The likely near-term “best practice” is not one algorithm, but an adaptive workflow: detect event structure, treat each region appropriately, and validate with measurable transient metrics plus real listening on multiple playback systems.

8) Key Takeaways for Practicing Engineers

Weapon transients are sacred. If the first 5–30 ms loses definition, the sound stops reading as a weapon and starts reading as “processed audio.” Prefer varispeed or no stretch on attacks.
Stretch tails, not truth. Resonant tails and spaces are the safest regions for time stretching; keep dry/transient layers intact for localization and impact.
Match algorithm to statistics. Tonal/resonant material often prefers PV-style methods; noise-like whooshes often prefer WSOLA/granular with tuned grain size.
Use measurements to catch subtle failures.
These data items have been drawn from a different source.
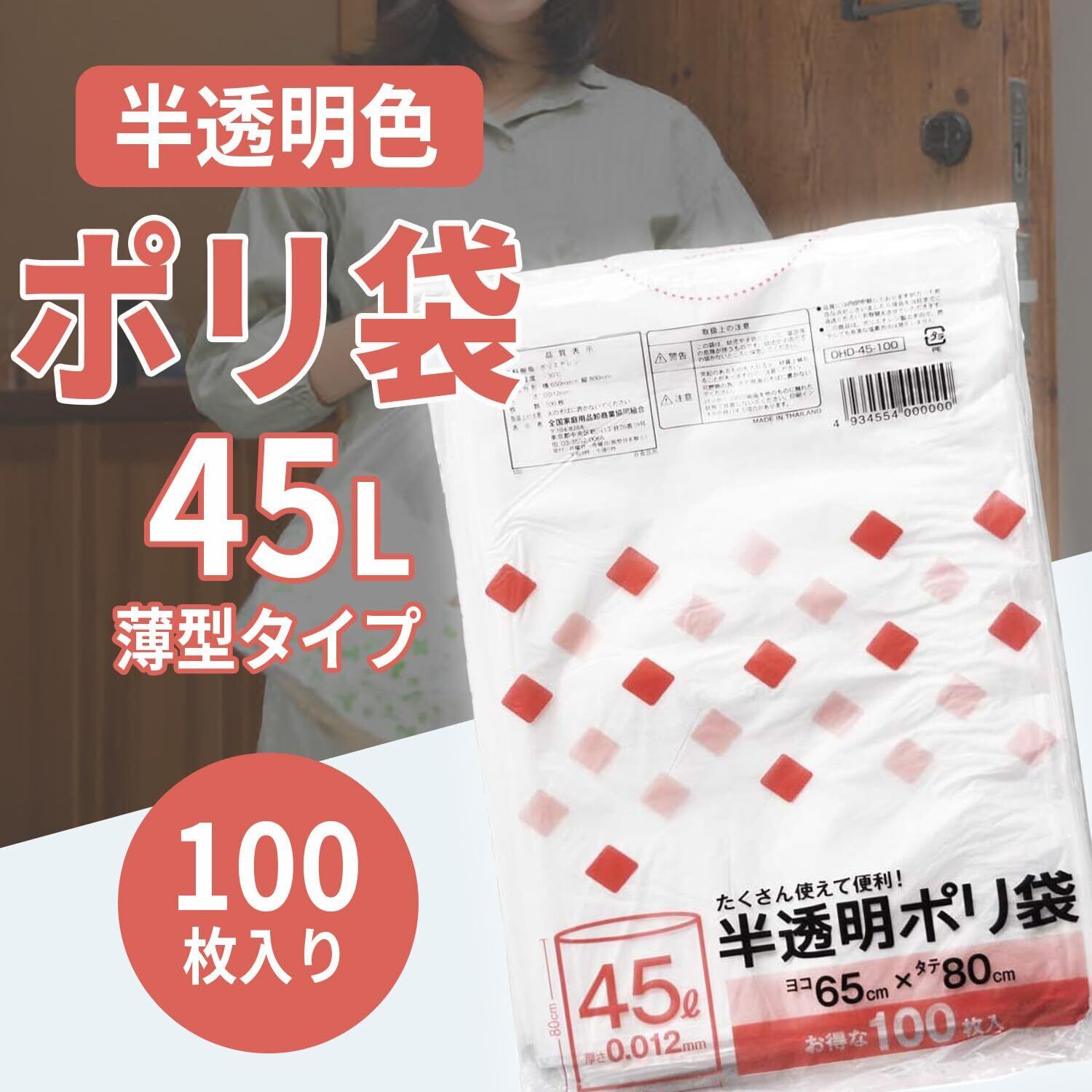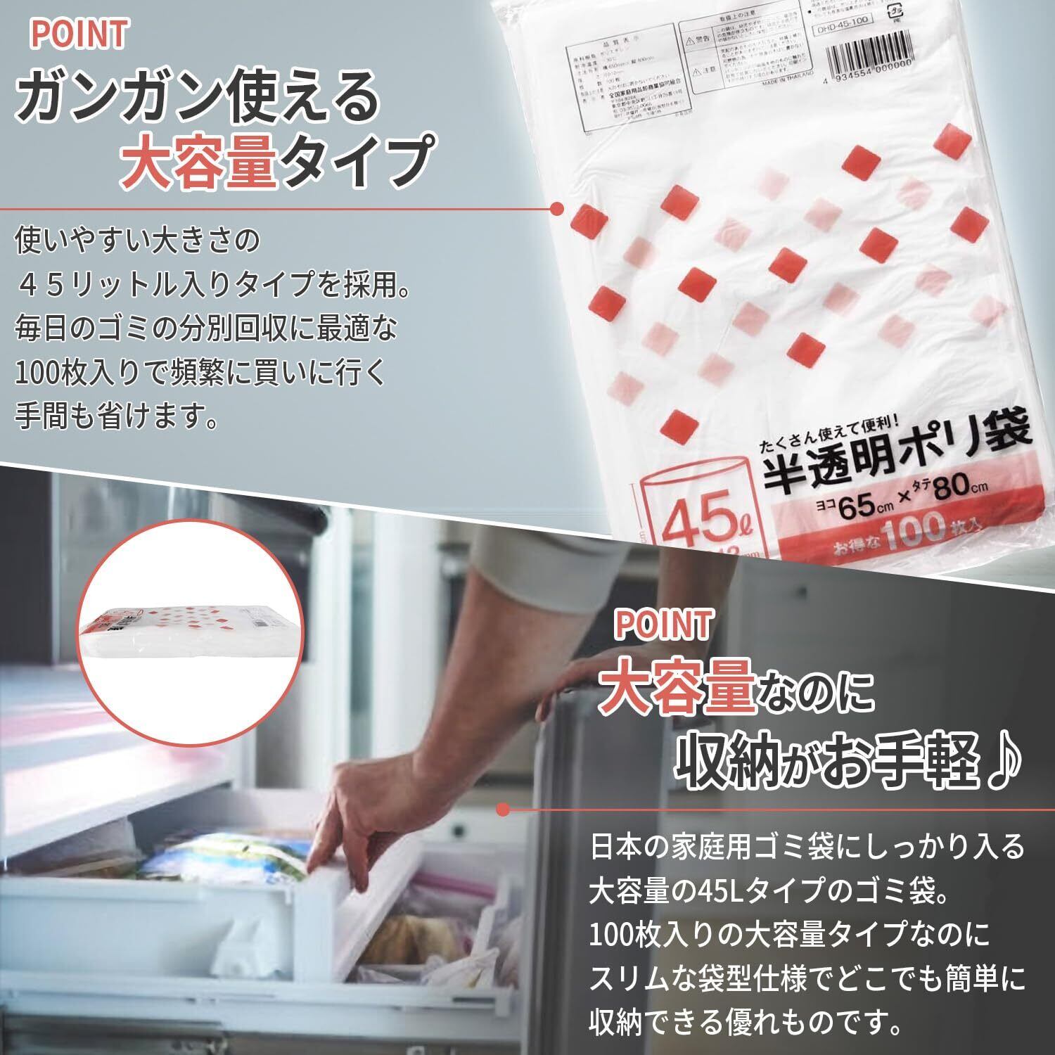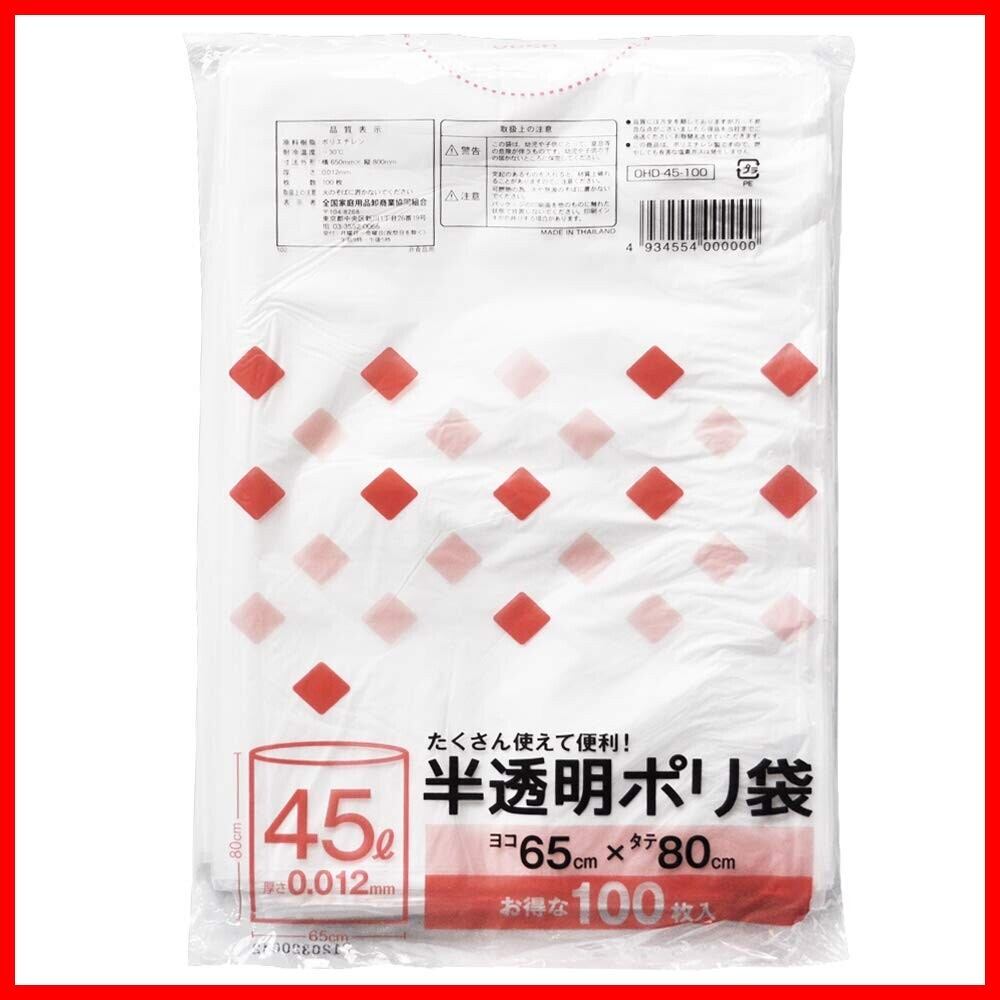 全家協(Zenkakyo) 半透明 ゴミ袋 ポリ袋 45L 100枚 65×80cm 0.012mm OHD-45-100
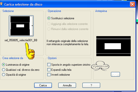 Selezione>Carica/Salva selezione>Carica selezione da disco. Cerca la selezione 001:
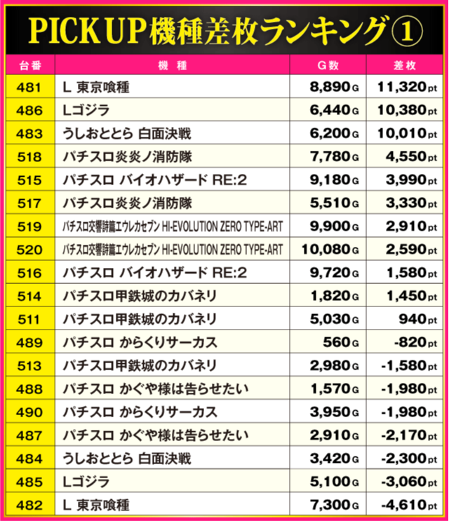 ※差枚pt順に掲載しています。
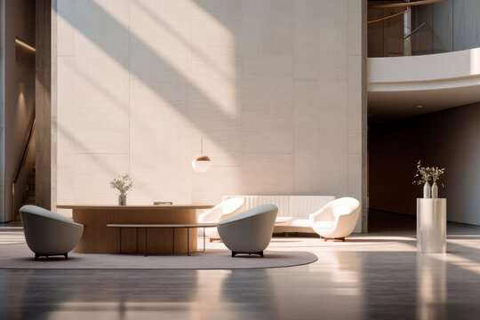 Modern luxury hotel lobby interior with reception desk and guest relaxation zone designed for welcoming guests
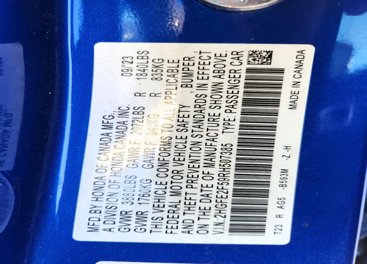 This Honda Civic 2024 Blue was originally purchased at one of the major insurance auctions in the United States or Canada. The vehicle history is tied directly to its VIN code, which makes it possible to track the origin, condition, and circumstances of the sale. The photographs provided represent the actual state of the car at the moment of auction and serve as an important visual record of its technical and cosmetic condition.
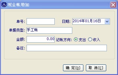 當您進貨或者銷售時付款或收款方式選擇為現金時,那這筆帳就會出現在現金帳里,反之選擇為銀行是,這筆帳就出現在銀行帳里。您每做一筆收款或者付款,相應的現金帳或者銀行帳都會有記錄。如下圖,如果您要增加手工帳,可以點擊增加按鈕。

Compare crest factor and attack time before/after; watch spectral centroid and listen for modulation “flutter” and metallic phasing.
Work in bands when needed. Split into low resonances and high air/noise and process differently to avoid a single compromise setting.
Always validate translation. Check mono collapse, small speaker readability, and true-peak behavior after time stretching and subsequent processing.

Time stretching is a powerful lever for combat sound design, but it rewards engineers who treat it as a structural operation rather than a convenience. The most convincing results come from respecting the event’s physics—preserving the transient and manipulating the components that the ear interprets as size, duration, and space.